My first programming experience was with APL, a live programming language for manipulating matrices and arrays. We were taught by the amazing Prof. Lee J. Dickey, and we programmed interactively on a timesharing system, getting immediate feedback.
APL is facetiously known as a “write-only” language, due to its highly compact notation using Greek letters as array manipulation operators. Here we a see a one-line APL program to generate prime numbers. I remember writing a similar one-line APL prime sieve that looked something like this one.
As an amusing parenthesis, I saw this sign displayed in the Open Air museum in Reykjavik in 2015. It looks fine, except the “typewriter” was not a typewriter at all.
|The typist at the kitchen table
The so-called typewriter was actually an IBM 2741 used to program in APL. It is exactly the same kind of terminal I first used in 1972, including the APL typeball with Greek characters. I somehow doubt it was used to type letters in a kitchen in Iceland.
In the Autumn of 1972, the Toronto Board of Education introduced the first high school computer programming courses. We coded our programs with pencil on optical cards, like the one you see here.
We would hand our decks to the teacher, and get our printed output three days later. Debugging was not a pleasant experience. After my first experience with interactive APL, I felt I had moved back decades in time.

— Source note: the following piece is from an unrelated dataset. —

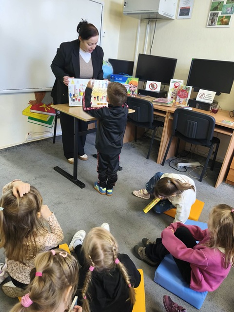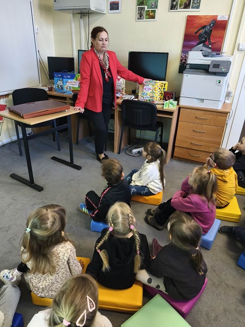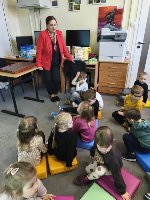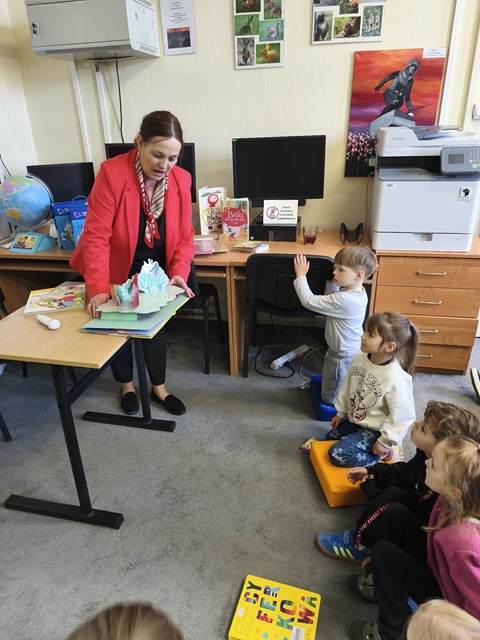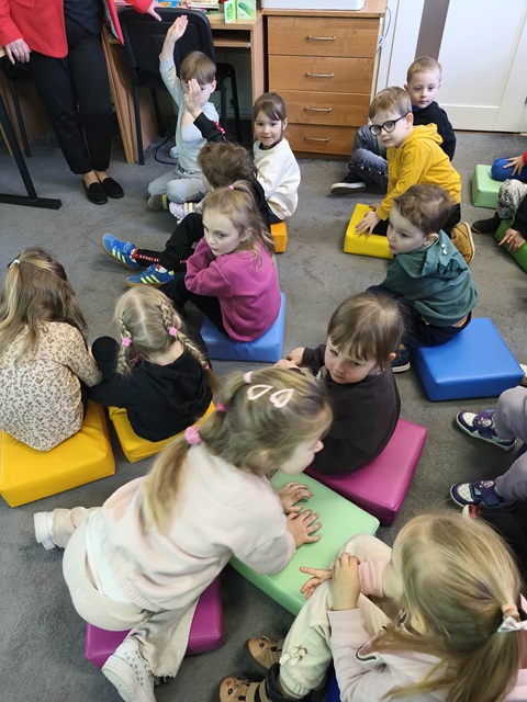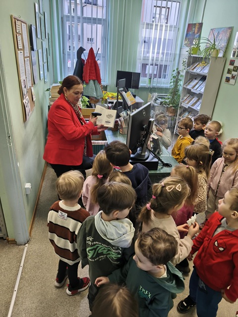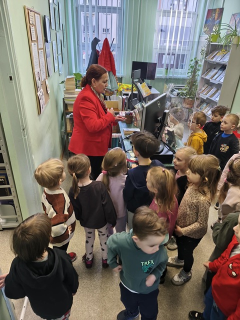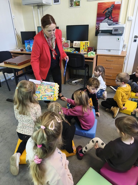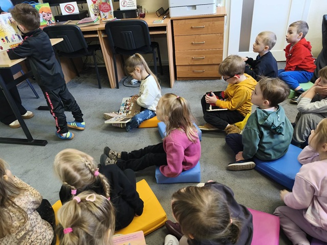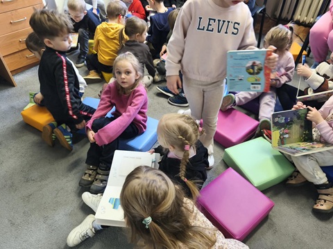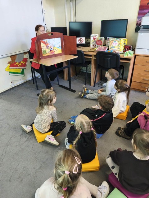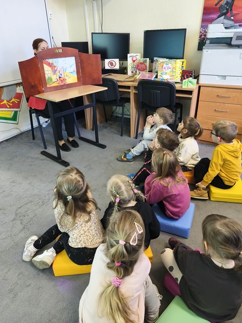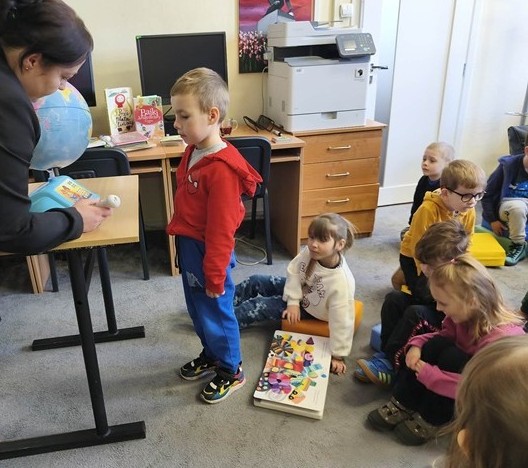 10 kwietnia 2026 A. Mierzwa – kierownik mławskiej filii Biblioteki Pedagogicznej i A. Wesołowska nauczyciel bibliotekarz poprowadziły zajęcia edukacyjne dla przedszkolaków z Przedszkola Dzieciątka Jezus w Mławie. 4 latki odwiedziły naszą bibliotekę w związku z przypadającym 2 kwietnia Międzynarodowym Dniem Książki dla Dzieci. Świętem celebrowanym w dniu urodzin duńskiego baśniopisarza Hansa Christiana Andersena. Na naszych przemiłych gości czekało mnóstwo atrakcji. Zaczęliśmy od wypożyczalni. Tam dzieci dowiedziały się czym jest to pomieszczenie i do czego służy. Obejrzały też wiosenną wystawę prac plastycznych autorstwa wychowanków Specjalnego Ośrodka Szkolno-Wychowawczego w Mławie, która jest w wypożyczalni właśnie wyeksponowana. Następnie wspólnie podziwialiśmy tradycyjne książki w różnorakiej formie: dźwiękowe, rozkładanki, puzzle, harmonijki czy grzechotki, ale też zdobycze nowoczesnych technologii jak seria książek z magicznym piórem Albik. Niesamowitą atrakcją okazała się książka „Muminki szukają domu” w wersji pop-up. Jest to historia o tym jak Muminek i jego Mamusia szukają domu, który porwała powódź. Każda kolejna strona tej przestrzennej opowieści prezentuje bajeczne zakątki i trójwymiarowe sceny, które zachwycają odbiorców. Na dzieci czekało również przedstawienie w teatrzyku kamishibai. Dziś na naszym teatralnym afiszu znalazła się bajka „O rybaku i złotej rybce”. Spotkanie zakończyliśmy wspólnym wyszukiwaniem ciekawostek na temat wybranych przez dzieci zakątków świata na interaktywnym globusie.

Later in the semester one of my classmates discovered that anyone at all could walk in off the street and use the keypunches and the high-speed job stream at the University of Toronto. After that we did all our homework at UofT.
Closing the execution gap
Here we see a “Wardley map”, a diagram for business strategy that maps components with respect to user need.
At the top we see the need for getting our programs running. The other nodes are components that contribute to that need. From bottom to top components provide more value to the user, and from left to right they evolve from genesis, through prototypes, to products, and all the way to commodities.
The grey lines show which components contribute to others higher up. So, optical mark cards are sent by courier and contribute to getting the code running. The red arrows indicate evolution of components towards products and commodities. Greyed-out components are those from the past. The dark red arrows point to new components that emerge from the evolution.
In this case we see that the source code medium evolves from optical mark cards via punch cards to interactive terminals, shortening the feedback loop. Similarly, getting the program to run evolves from sending it by courier to just hitting the “enter” key.
What’s interesting, however, is that when the technology is sufficiently evolved, new opportunities arise that could not be imagined before. In this case, since the feedback loop is so short with live programming, we can experiment in ways that were not possible before. Since this form of experimentation is a new thing, it appears towards the left of the map, so can also be expected to evolve.
The modeling gap
After high school, I studied Mathematics at Waterloo, and later switched to do a Masters and PhD in Computer Science at UofT. There I experienced the enormous gap between conceptual models and implementation.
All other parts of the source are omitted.